There are two main categories of deduping tool — those that do things on external data sets (Excel, Access, SQL databases) and those that work directly on data while it is held in SFDC. We’ve already covered deduping as part of the import process in the section on preventing duplicate Salesforce records, now our use case is removing dupes that are nicely entrenched in your production SFDC database. By far the fastest and best way to do that is in situ using the tools that work directly against the live data. However,any time you do a lot of data manipulation in a production SFDC system, you may cause triggers, workflows, roll-up fields to be re-evaluated, and interactions with external systems may also be invoked. These can bog down the system in a big way, and may cause unforeseen consequences that are quite ugly and tough to reverse so you’ll need to test thoroughly in your specific system before you do any mass deduping, no matter how good the tools are.
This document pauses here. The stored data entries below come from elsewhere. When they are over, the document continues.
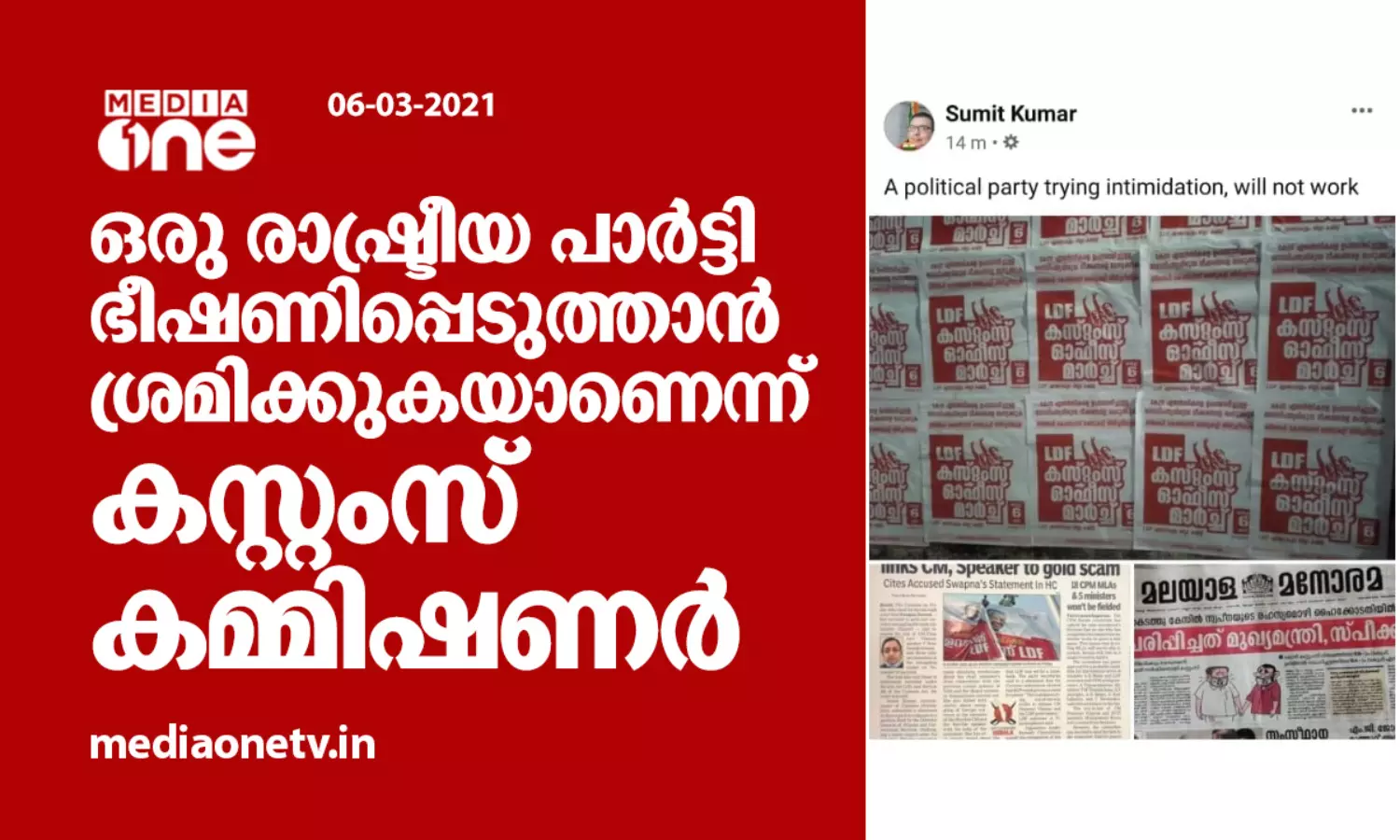 എല്.ഡി.എഫ് മാര്ച്ചിന്റെ പോസ്റ്ററുകള് ഉള്പ്പെടുത്തിക്കൊണ്ടാണ്, ഒരു രാഷ്ട്രീയ പാര്ട്ടിയുടെയും പേരു പരാമര്ശിക്കാതെ കസ്റ്റംസ് കമ്മിഷണറുടെ ഫേസ്ബുക്ക് പോസ്റ്റ്
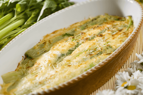 Celery with cheese is a simple yet exquisite dish that beautifully conveys the spirit of Russian cuisine. The tender hearts of celery, first carefully prepared and boiled, become soft while retaining their characteristic light freshness. They are then baked with Gruyère—a cheese with a rich nutty flavor that melts to form an appetizing golden crust. Butter adds tenderness and depth of flavor to the dish. This treat can serve as an elegant appetizer or a side dish for meat and fish dishes, and its rich aroma makes it a true delicacy. The recipe recalls classic European vegetable baking techniques but with a unique Russian flair.
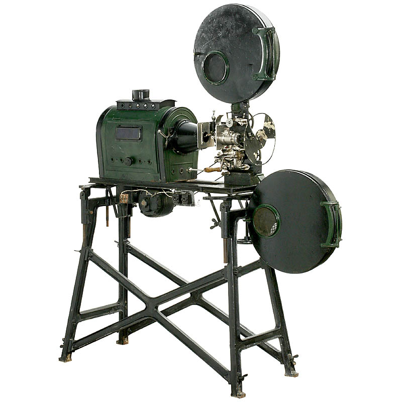 Manufactured by: "Moon, Birmingham". With Maltese Cross, fire protection drums for reels up to 900 m, nickel-plated gearwheels, handcrank or electric motor(added) drive, on cast-iron table. Unrestored untested condition.
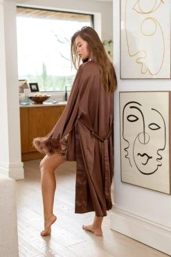 Slip into something more comfortable. Our feather trim satin robe is perfect for adding some glam to your evening and morning routine, and for layering up as the cold weather rolls in.
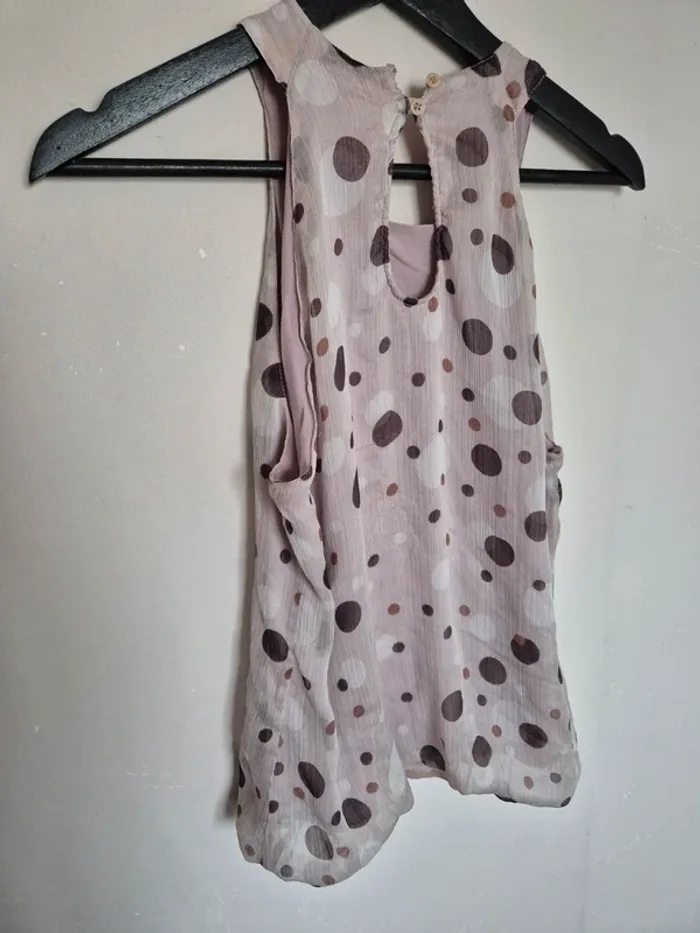 📌 Lot 20% de remise pour l'achat de 5 articles, suite ... Débardeur beige qui tire sur la couleur lila, avec des rond marron, en voile, élastiqué sur le bas, très sympa, ➡️Largeur à plat sous les bras  50 cm ➡️Longueur 56 cm ➡️ 100 % polyester ⭐ Excellent état ✈Envoi rapide des colis 💗 Abonnez vous à mon profil, nombreux articles ajoutés régulièrement ! 🌸 Tapez Laetitresors pour voir mes annonces #laetitresors_debardeur40 #debardeur #promod #marron #beige #voile #ressere #elastique #bretelle #laetitresors
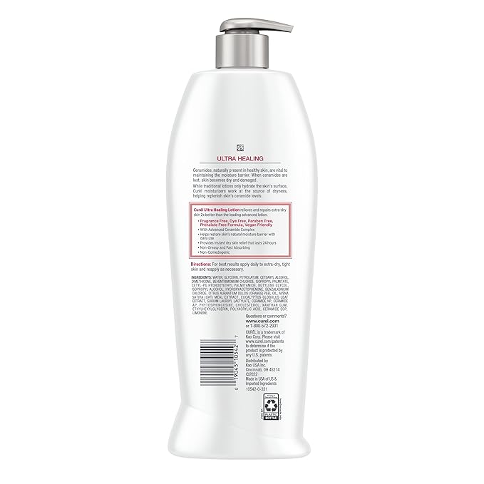 Curel Ultra Healing Lotion, Hand and Body Moisturizer for Extra Dry Skin, with Advanced Ceramide Complex and Hydrating Agents, for Tight Skin, 20 Ounces
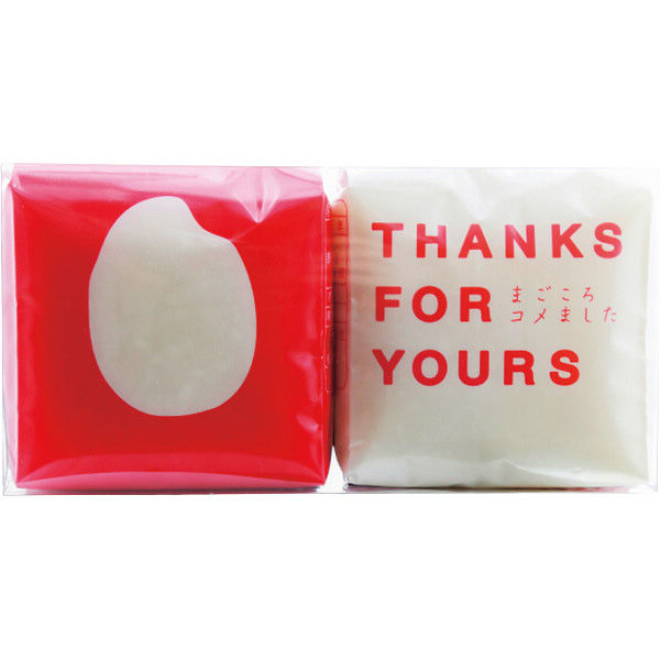 | 商品の特徴 | 2合サイズのお米2個がクリアケース入ったプチギフト向けの商品です。紅白デザインで、感謝の気持ちがしっかり伝わるギフトです。 | ||
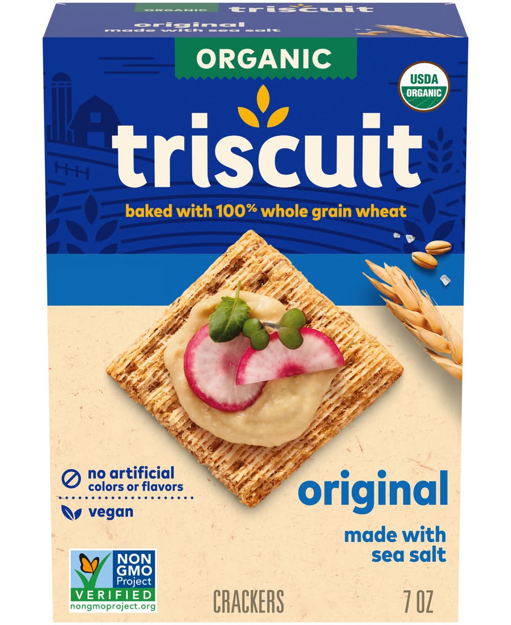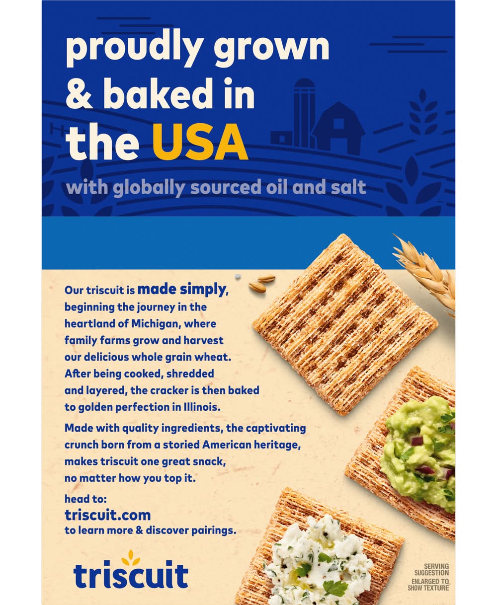 Triscuit Organic Original Whole Grain Wheat Crackers are made simply with quality ingredients. Baked to perfection, these vegan snack crackers use 100% whole grain wheat proudly grown in the USA, sunflower oil, and sea salt for a classic flavor. The square snack crackers are made with their signature woven texture for a satisfying crunch. Organic Triscuit crackers are USDA Certified Organic, vegan, Non-GMO Project Verified, made without artificial colors or flavors and a good source of dietary fiber (see Nutrition information for fat content) for delicious, wholesome goodness. Enjoy the crunch of these delicious organic crackers on their own, or top them with your favorite cheese, fruit, or flavorful spreads. Triscuit cracker snacks cover all your organic snacking needs, whether you need lunch snacks for kids, vegan snacks for adults or on the go snacks for traveling. Serve them at parties on your meat and cheese tray as fun, easy appetizers. Create a delicious vegan food charcuterie board featuring Triscuit original vegan crackers alongside your favorite vegan cheese, vegan meat, dips, fruit and vegetables. Mondelez Global LLC, East Hanover, NJ, 07936

Almost always, during the final merge process, you’ll want to quiesce the system to the extent possible and turn off relevant triggers and workflows.
If you need to explain to others what you are doing, you probably don’t want to show them all the details below…but you can show them this “lite overview.”
The basic mass-deduping strategy:
- Sit down. Have some warm milk. Relax. This is going to take some time. Deduping is a process, not an event. And successful deduping of a big, messy database will take weeks. Yes, really. Budget your time accordingly and set expectations with the people who'll need to review the merge candidates: you're going to need an hour a day of their time throughout the process. Yes, really.
- Before you start each day’s deduping, do a complete backup of your SFDC data. Every single record of every single object. Really. Saved on your servers. I know, it can take hours, even with the fastest backup tool. You'll thank me later. You can use SFDC's data export backup feature including all attachments…but iff you've already used this week's backup for other purposes (yes, SFDC allows you to use this feature only once a week), back up the data today using Data Loader, the deduping tool’s “mass backup” feature,or some other tool. Just download everything in the system, including all the history tables and chatter stuff).
- If you aren’t using SFDC Campaigns, you really should consider converting to them prior to deduping Leads and Contacts. The system’s standard Lead Source is a pick-list that can only hold one value. When you merge, if you have only the system’s Lead Sources, you’re almost certain to lose some valuable data. In contrast, Campaigns will preserve all the historical “touch” data for you (and enable a “touch history” that is valuable to marketers). Converting to Campaigns is a nice big spreadsheet exercise: examine all the Lead Sources in the system, create a campaign for every Lead Source currently in use, and then create campaign members for each Lead, Contact, Account, and Opportunity in the system. This can take at least an hour for every 500 Leads or Contacts you've got in the system...so budget time accordingly.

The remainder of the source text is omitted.